Analysts at Evercore Partners expect Bank of America’s (NYSE:BAC) third quarter results to be much weaker than the previous quarter. The culprits for the lower growth that analyst Andrew Marquardt laid out were slowdowns in the bank’s mortgage business and in capital markets activity.
The second quarter showed a bank on the mend. Profits rose 63 percent as Bank of America’s balance sheet benefited from Chief Executive Officer Brian Moynihan’s cost-cutting measures and less fallout from the 2008 mortgage market collapse. “We are doing more business with our customers and clients, and gaining momentum across every customer group we serve,” Moynihan said in the earnings press release.
“We must keep improving, but with the consumer recovering and businesses strong, we have lots of opportunity ahead.” Investors gained some confidence from the results, bidding shares up a modest 12 cents to $14.04 in pre-market trading on July 17, the day of the earnings release. Shares continued to climb for another few days, hitting a 52-week high of $15.03 on July 23.
“There’s probably not enough positives from the revenue lines to propel the stock much higher today, given recent gains,” Raymond James analyst Anthony Polini told USA Today, adding that the bank improved profit margins by cutting expenses, including thousands of layoffs. “But, very solid quarterly performance.” Polini was right, shares have since backed off the 52-week high, trading between about $13.65 per share and $14 per share for most of this week.
Still, for much of this year, investors have seemed confident that Bank of America’s finances are indeed in a “solid” position now that the trauma of the financial crisis has noticeably abated. Shares have gained about 20 percent so far in 2013 and almost 50 percent in the past 12 months. While the company’s share price may lag some of its peers — like Citigroup (NYSE:C) and JPMorgan Chase (NYSE:JPM), it has gained 9.31 percent in the past three months while Citigroup has advanced just 2.39 percent and JPMorgan has declined 0.64 percent.
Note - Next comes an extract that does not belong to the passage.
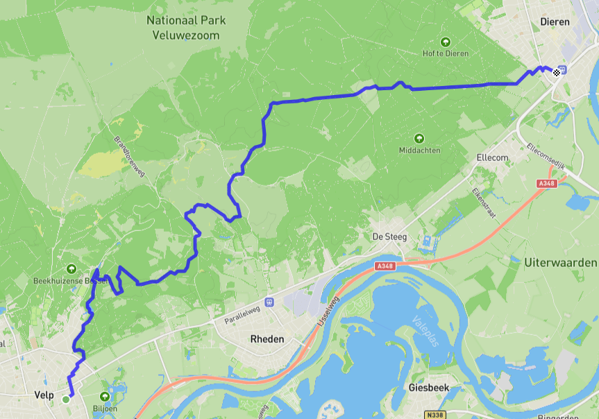 Wandelroute NS-wandeling Veluwezoom 15 kilometer 10 maart 2024 NS-wandeling Station Dieren Bekijk op kaart Naar routebeschrijving GPX downloaden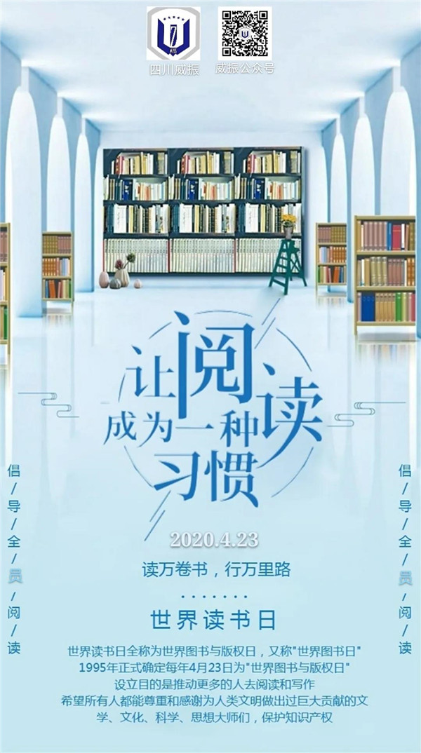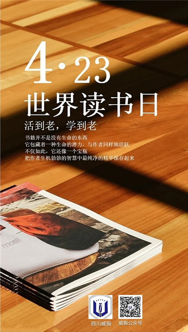 为迎接第25个“4.23世界读书日”四川威振倡议全员一起读书。热爱读书,让阅读成为我们最优雅的生活态度;热爱读书,让阅读成为家庭最常态的生活方式;热爱读书,让阅读成为人生最美好的生活习惯。

The financial industry as a whole is expected to post a weaker third quarter. Mortgage rates have been pushed up from May’s historic lows, moving higher in mid-August, and the recent upticks in interest rates have lowered demand for refinancing. A slowdown in refinancing activity means that mortgage revenues will be lower, hurting overall results.
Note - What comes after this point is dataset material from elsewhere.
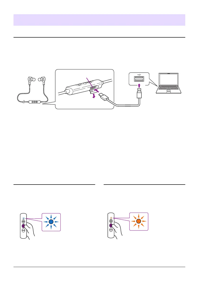• Não use os fones de ouvido ao conectar o cabo de alimentação USB.

But, just because the entire industry is expected to be affected by the changing interest rate environment or because Marquardt believes Bank of America’s third quarter will be less impressive than its second, does not mean that the bank will under perform its peers in third quarter. Even Marquardt expects that Bank of America will report core earnings per share of $0.23, which is cents above the consensus estimate for the third quarter.
Marquardt explained that Bank of America will beat expectations because it can offset the slowdowns in its mortgage business and in capital markets activity with lower expenses. The fact that the bank’s asset quality remains strong and it experienced most capital build in the third quarter are contributing factors as well.
Other analysts maintain that Bank of America is the best-positioned among large United States banks to weather the tough third quarter earnings season. Keefe Bruyette & Woods analyst Christopher Mutascio wrote in a October 2 report that his firm believes the company will be able to offset the negative trend. Bank of America may have “more levers to pull [like lower expenses and greater reserve releases] to offset weak trends in fee income [ including mortgage and trading] than most banks heading into [third quarter] earnings season,” he wrote.
It is true that with loan growth tepid, there are few obvious sources of income growth to replace mortgages. But now that more borrowers are repaying their loans on schedule, banks like JPMorgan, Wells Fargo (NYSE:WFC), and Bank of America will be able to keep less money on hand to cover loans losses.
This will give banks billions of dollars in extra profit by “releasing reserves“ of capital that was set aside in tougher economic times to cover bad loans. ”We are in a better quality environment that still is not a growth environment,” NAB Research analyst Nancy Bush told Reuters.